Изменить стиль страницы

Завтрак был сервирован с грубоватым изяществом, чуть бюргерским: красная и белая рыба в ярко–зеленом окладе салата великолепно смотрелась на желтых керамических тарелках. С немецкой правильностью винная батарея была выстроена едва ли не по ранжиру, но главенствовало рейнское белое — ему отдали предпочтение и русские, при этом отнюдь не только потому, что были в этом доме гостями.

Послетрапезный час гости провели в библиотеке — расчетливый Дейч знал, куда повлечь Чичерина.

Хозяин показал свои дива: томик Гёте и фолиант Вольтера с автографами авторов, а потом как по команде появилась серия книг, исследующих доблести Ганзы и ганзейцев, — не было более действенного средства приблизить разговор к насущному, чем прикосновение к этим пыльным фолиантам, крытым телячьей кожей, желто–молочной, залитой воском и маслом, ссохшейся, в трещинах.

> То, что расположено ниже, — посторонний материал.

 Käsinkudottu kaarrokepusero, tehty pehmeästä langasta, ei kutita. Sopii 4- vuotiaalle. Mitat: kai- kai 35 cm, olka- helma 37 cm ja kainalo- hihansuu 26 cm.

— Урок бессмертной Ганзы: ничто так не гасит огонь войны, как взаимный интерес, а следовательно, торговля.

— У купцов — хорошая память? — засмеялся Чичерин, в его реплике, как обычно, начисто отсутствовало категорическое — с ним легко было говорить.

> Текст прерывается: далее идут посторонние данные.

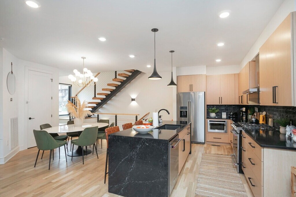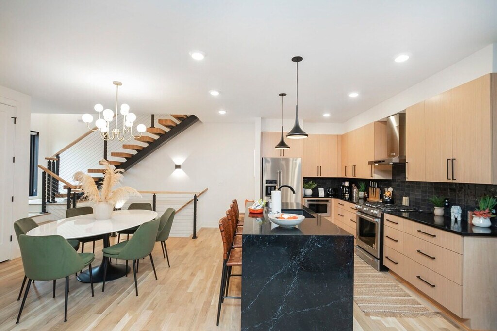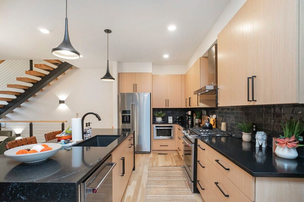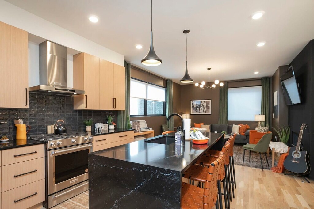 Enjoy an unforgettable getaway at this brand-new home in the heart of the Gulch, Nashville. With four beautifully decorated bedrooms spread across four levels, a huge roof deck offering stunning city views, and plenty of lovely spaces to lounge, this modern home is the perfect place for groups coming to celebrate. Located just minutes from top attractions, you'll feel at home in this vibrant area. This home features four gorgeous bedrooms with king-sized beds and ensuite bathrooms, providing ultimate comfort. The modern kitchen is equipped with stainless steel appliances and a large dining area, perfect for gatherings. Relax in the spacious living room with a fireplace and flat-screen Smart TV, or enjoy the two extra lounge spaces with Smart TVs and a wet bar. The large rooftop terrace offers unbeatable city views, making it an ideal spot to unwind. Free parking is available for guests. Guests who stay three weeks or longer will incur an additional cleaning fee, which is not included in the pricing you see but will be an additional add-on fee. The Gulch is an upscale neighborhood known for its chic hotels, high-end fashion boutiques, and trendsetting restaurants. In a striking art deco building, The Frist Art Museum hosts diverse, adventurous exhibitions, as well as film screenings and lectures. Renowned bluegrass musicians take the stage at The Station Inn, a tiny club open since the 1970s, while Mercy Lounge has indie, soul, and folk gigs. With numerous walkable restaurants and bars, this location offers a vibrant lifestyle. Local guests are subject to additional vetting to ensure the property isn't being used as a party venue. Smoking is not allowed inside or within 25 feet of the property, and a $500 fee will apply if smoke of any kind is detected in the home. Early check-in or late check-outs must be pre-arranged, and any non pre-arranged late check-outs will result in withholding of deposit. Guests are asked to respect quiet hours and keep outdoor noise levels down to maintain a peaceful environment for neighbors. The home offers high-speed WiFi and multiple areas to work, making it remote work-friendly. Registration Number: [SI]

— Именно, — подхватил деятельный Дейч. — В наших отношениях со славянским миром был свой золотой век: Ганза… — Он задумался: не иначе, его мысль зашла так далеко, что порядочно смутила и его. — Как у всех крупных явлений в истории, конец Ганзы неоднозначен: одни говорят, что ее сокрушили внутренние распри, другие — деспоты…

— Деспоты?

— Именно. Грозный, например… — Казалось, он и сам был изумлен, что у жизнелюбивой темы оказался такой конец.

— У немцев были свои деспоты, кстати, в их возвышении участвовали и купцы… — заметил Чичерин.

— И могут быть еще, при этом возникнут не без участия купцов, — согласился Дейч — можно подумать, что он вел разговор, чтобы утвердить эту истину: могут быть еще.

Он продолжал держать на своих раскрытых ладонях фолиант в телячьей коже: получалось, что из старинной книги он извлек эту мрачную истину о деспотах, которых вызвали к жизни и купцы.

— Но как предупредить появление деспота? — Он все еще смотрел в раскрытую книгу, точно стремясь найти в ней ответ и на этот вопрос. — Немцы считают: сила в предпочтении. Англичане наоборот: в отсутствии предпочтения.

— Вы сторонник английской точки зрения? — спросил Чичерин — хозяин сместил разговор в такую сферу, где, как он полагал, хранились ответы на все вопросы.

— Нет, разумеется, но у нас есть сторонники и этого мнения.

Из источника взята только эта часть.